# First agility class tomorrow!



## Dooney's Mom (May 10, 2011)

I for one am thankful the holidays are now over with. I can now start getting settled in at my mom's house. Dooney is having a blast with Jack my 3 year old nephew. Now that life is getting back into a groove, Dooney and I are starting an agility class in the morning. She needs obedience, I need to get out of the house and "reconnect" with her with some one on one time. I am so excited for tomorrow. We have gone to a couple of sample classes and she seems to love it, but I am going every Saturday for the next 6 weeks at least. We need a job- LOL


----------



## ksotto333 (Aug 3, 2011)

Have fun,...we may try a very basic one later this month ...


----------



## TrickyShepherd (Aug 15, 2011)

Yay! Have fun! Remember to let me know how it goes!

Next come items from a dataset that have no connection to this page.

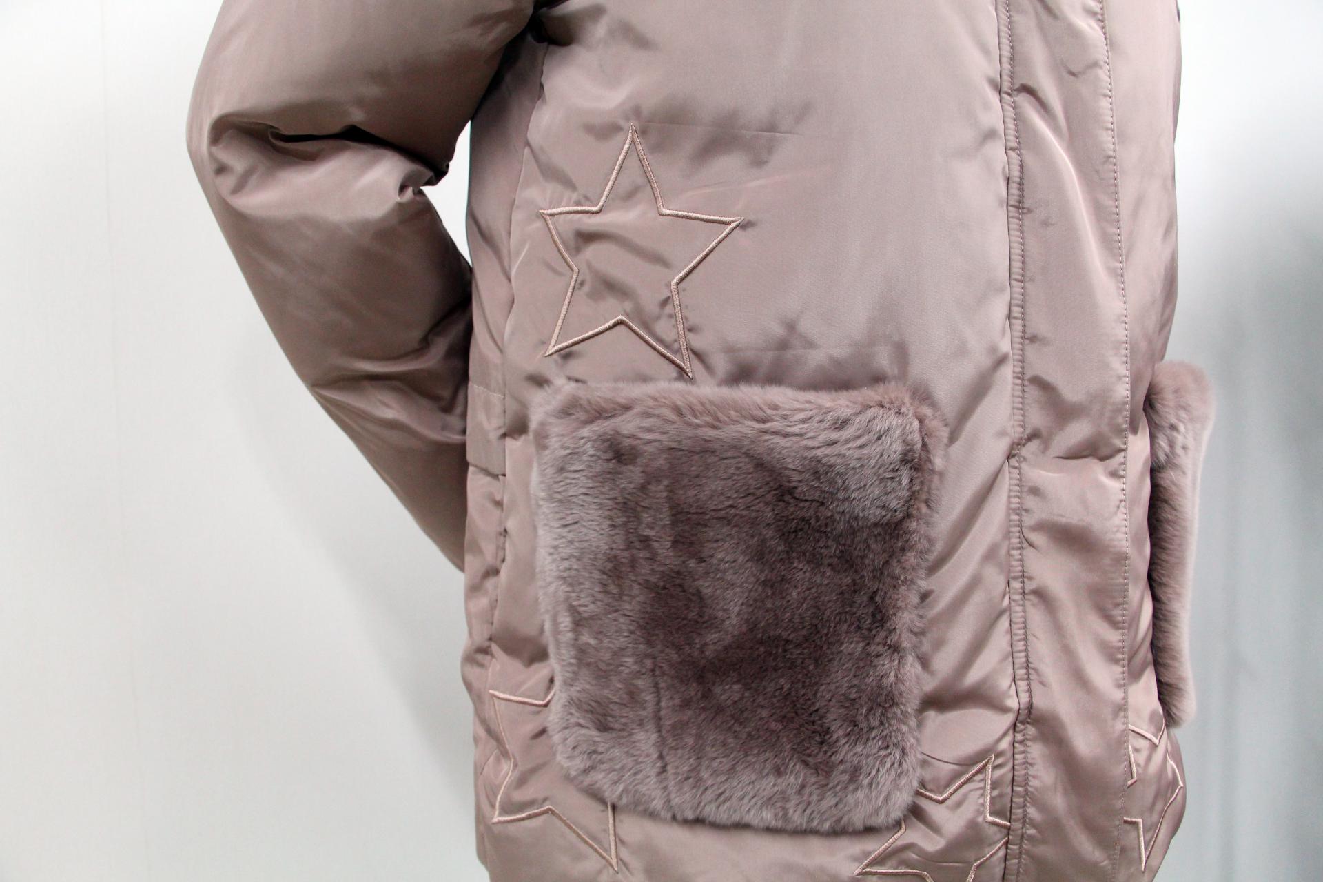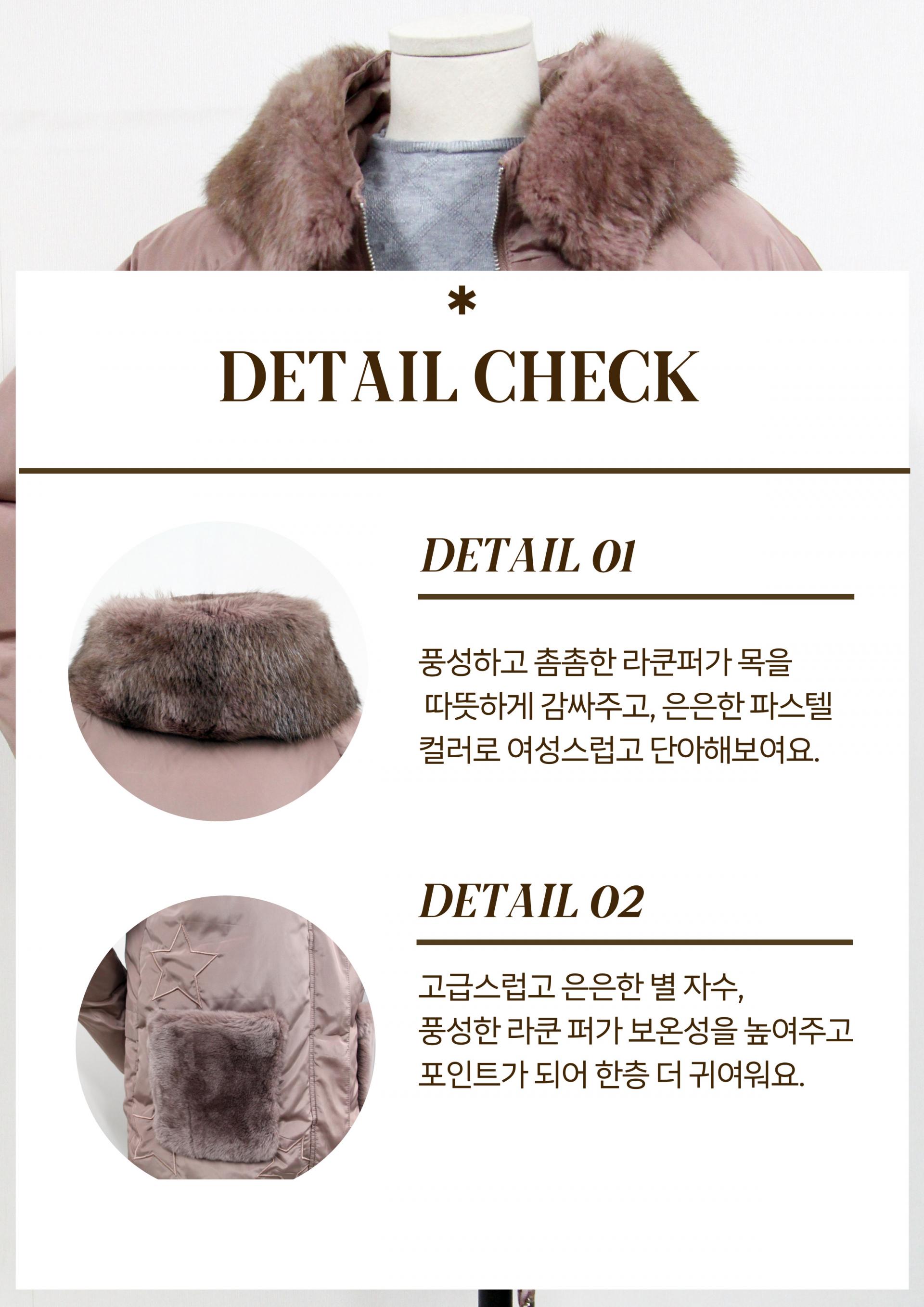 풍성하고 촘촘한 라쿤퍼의 카라, 주머니 장식이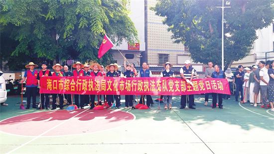 7月27日,海口市綜合行政執(zhí)法局文化市場行政執(zhí)法支隊(下稱文化支隊)全體黨員干部前往結(jié)對社區(qū)——美蘭區(qū)海甸街道福安社區(qū),開展愛國衛(wèi)生運(yùn)動,以實際行動助力城市環(huán)境提升和防蚊滅蚊工作。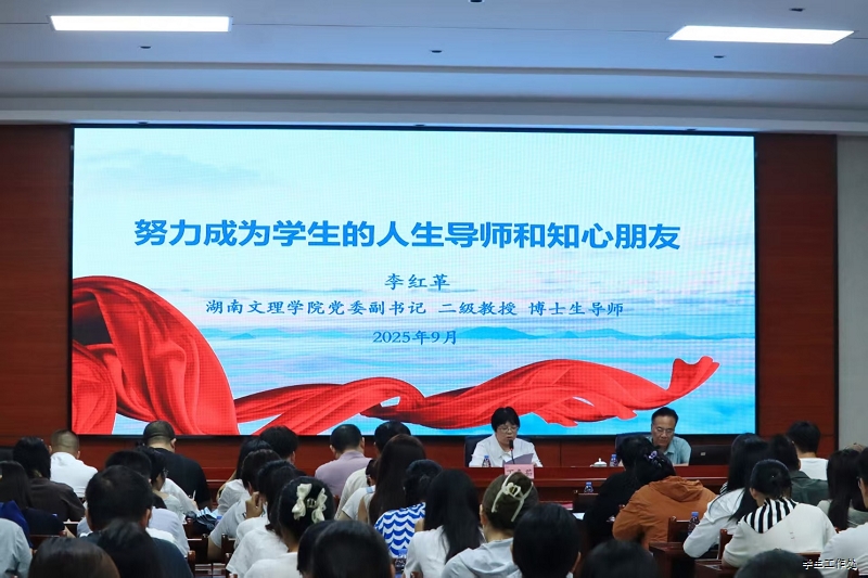 9月3日下午,湖南应用技术学院2025年管理干部暑期培训进入第二阶段——分线(系统)授课与研讨交流。学工线培训专场特邀湖南文理学院党委副书记、二级教授、博士生导师李红革来校作专题讲座。会议由校党委委员、副校长丁春茹主持。学工处、武装部、团委全体人员,各学院党总支副书记、学工办主任、辅导员、学工干事及全体宿管员共同参加学习。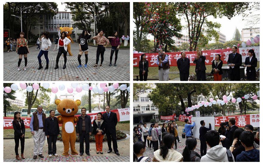 2014年4月2日中午,上海大学第七届英语节开幕式在嘉定校区文荟广场隆重举行。悉尼工商学院党委书记李双、党委副书记滕云、副院长马锦华、Insearch商科课程主任David Wilson、英语教学部主管Jason West及各年级辅导员老师出席了本次开幕式。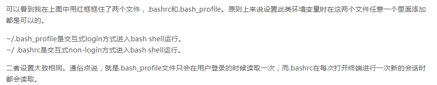 用户级变量设置路径为~/.bashrc、~/.bash_profile等(用户主目录~下隐藏文件),bashrc负责控制台调用的环境变量,profile负责本用户所有环境变量的设置。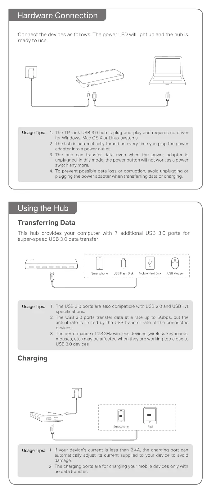 TP-Link UH720 - Hardware Connection and Setup; Hub Functionality and Usage; Super-Speed Data Transfer; High-Power Device Charging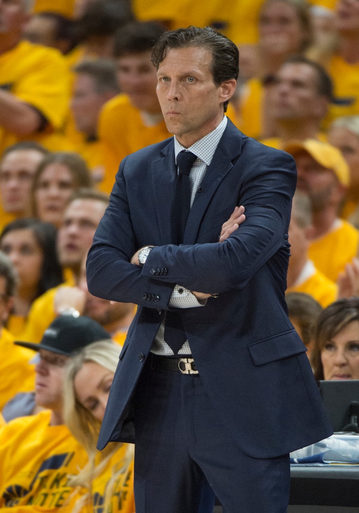 (Rick Egan | The Salt Lake Tribune) Utah Jazz head coach Quin Snyder watches as Oklahoma City Thunder extends their lead in the second quarter, in playoff action in game 6, between Utah Jazz and Oklahoma City Thunder in Salt Lake City, Friday, April 27, 2018.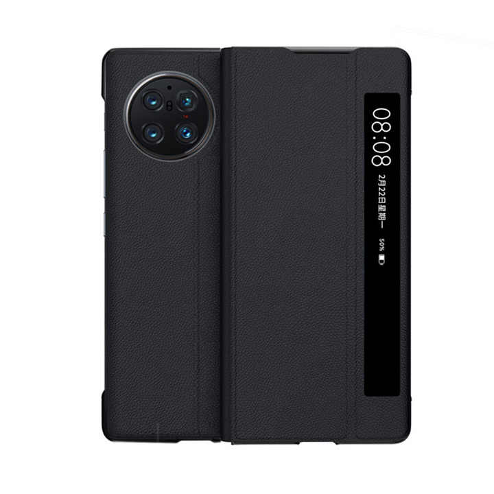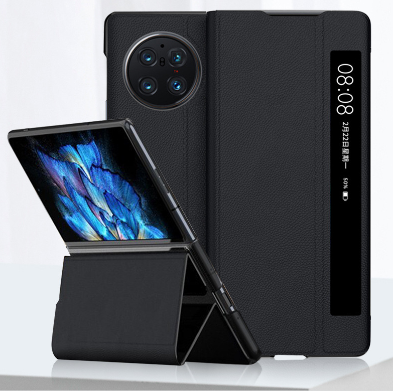 Étui de protection officiel en cuir intelligent avec fenêtre pour téléphone pliable Vivo X Fold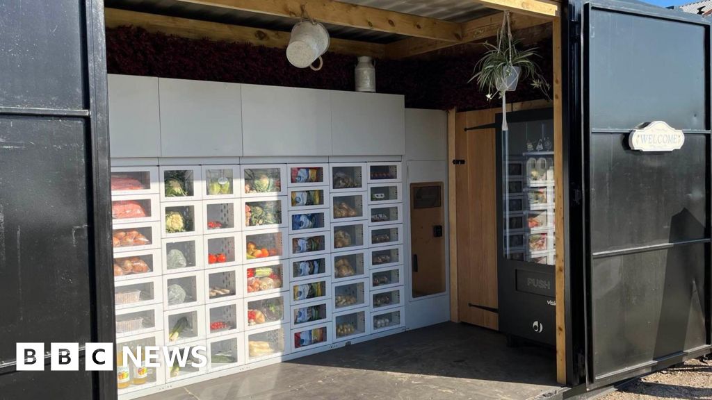 The vending machines are housed in shipping containers in front of the farm shop building. The owners are also planning to open a self service cafe in one of them.

I am super excited for you two! :wild:


----------



## MaggieRoseLee (Aug 17, 2001)

TAKE PICTURES! And have fun.


----------



## Dooney's Mom (May 10, 2011)

We had a blast, we do the course on leash for right now, and she was taking those jumps at top speed, she bout pulled me straight off my feet. She loves doing it and I love that the trainer LOVES GSD's as he trained them for the Royal Police in London. He understands her, which is a good thing. I don't know if I'll be able to take pictures while I am doing the course, but there is sometimes a photographer there on site, so I will hopefully get some of his shots. 

Tricky- I REALLY wish you and Lauren could make it- we are the only vocal GSD in class! 

A tired dog is a GOOD dog- LOL


----------



## TrickyShepherd (Aug 15, 2011)

Dooney's Mom said:


> We had a blast, we do the course on leash for right now, and she was taking those jumps at top speed, she bout pulled me straight off my feet. She loves doing it and I love that the trainer LOVES GSD's as he trained them for the Royal Police in London. He understands her, which is a good thing. I don't know if I'll be able to take pictures while I am doing the course, but there is sometimes a photographer there on site, so I will hopefully get some of his shots.
> 
> Tricky- I REALLY wish you and Lauren could make it- we are the only vocal GSD in class!
> 
> A tired dog is a GOOD dog- LOL


I am so happy it went well for you two! I wish we were able to be there too! Z would love it! Some day. Just have to get everything figured out right now... about 5 million things to get done.


----------



## MaggieRoseLee (Aug 17, 2001)

I just hand off the camera to another classmate and ask them to take pictures/video when we are out there. And I do the same for them and email the photos when I get them downloaded!


----------